In his speech Professor Karl-Rudolf Korte touched upon important, unknown for the large majority of the Greeks, aspects of the German elections. The internal party mechanisms, the structure and logic of the electorate and the role of programs in choosing a specific party were some of them. Additionally, Professor Korte introduced to the audience the possible coalitions after the elections, whereas he stressed out the importance of the elections to the reaffirmation and further enhancement of the democratic dialog in Germany.
Georgios Kyrtsos, member of the European Parliament, focused in his speech on the axiom of the improvement of the Greek-German relations, despite the political and financial differences between the two countries.
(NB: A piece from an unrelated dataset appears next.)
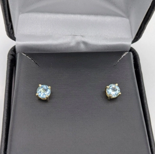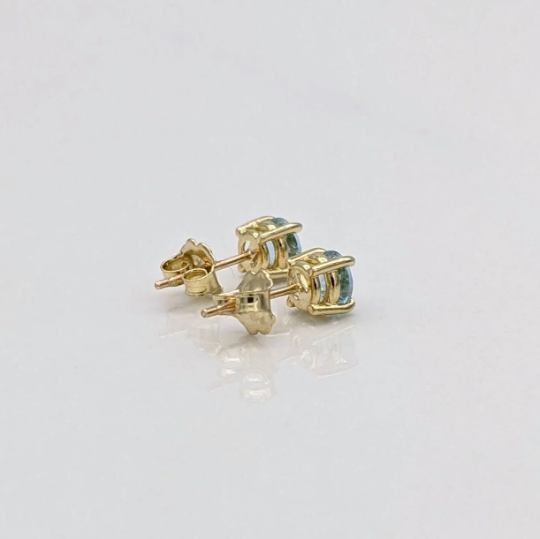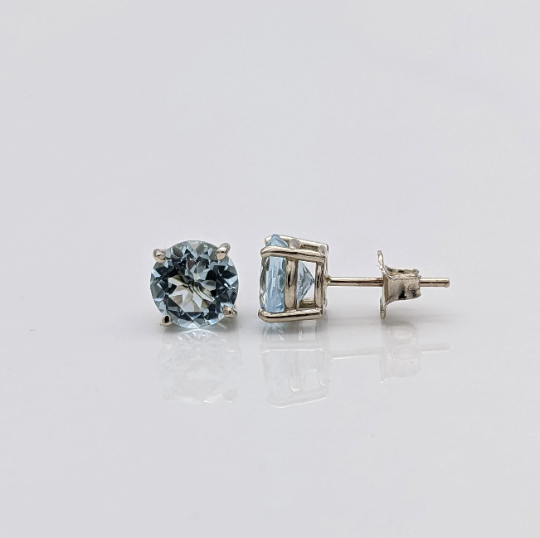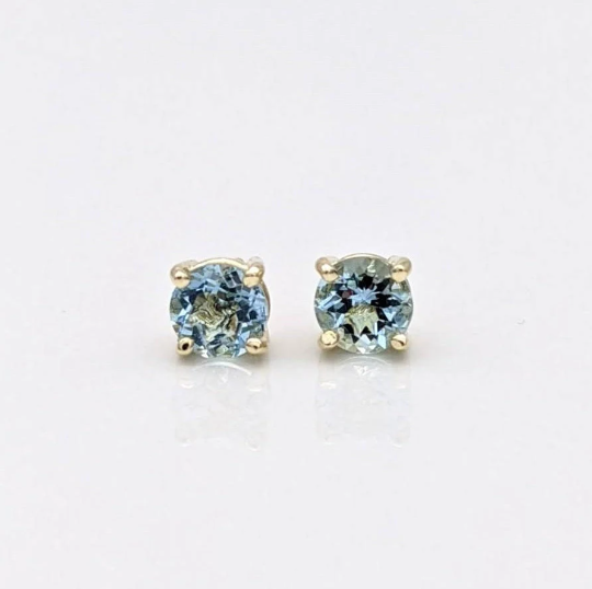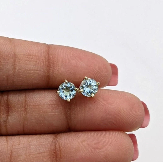 Four Prong Round Aquamarine Solitaire Stud Earrings | 3mm 4mm 5mm 6mm 7mm 8mm

The rise of populism, he continued, is a danger for both countries that has to be addressed. On European level, the next German federal government should take important initiatives in sensitive fields, such as the common European defense, in order to promote the project of the European integration.
Nikos Dendias, Parliamentary Spokesperson of Nea Dimokratia and former Minister, analysed the historically close relations between Greece and Germany and concentrated on issues of the European fiscal policy and the Eurozone. He approached the upcoming elections in Germany in the light of election of E. Macron in France and the hopes for reinforcement of the pro-European voices in all parts of Europe.
All three speakers agreed upon the fact that the result of the elections is still open, whereas issues of Greek interest, such as a possible debt relief do not constitute a decisive factor for the German voters.
Yiannis Palaiologos, journalist of Kathimerini moderated the following discussion with the more than 150 guests that attended the event.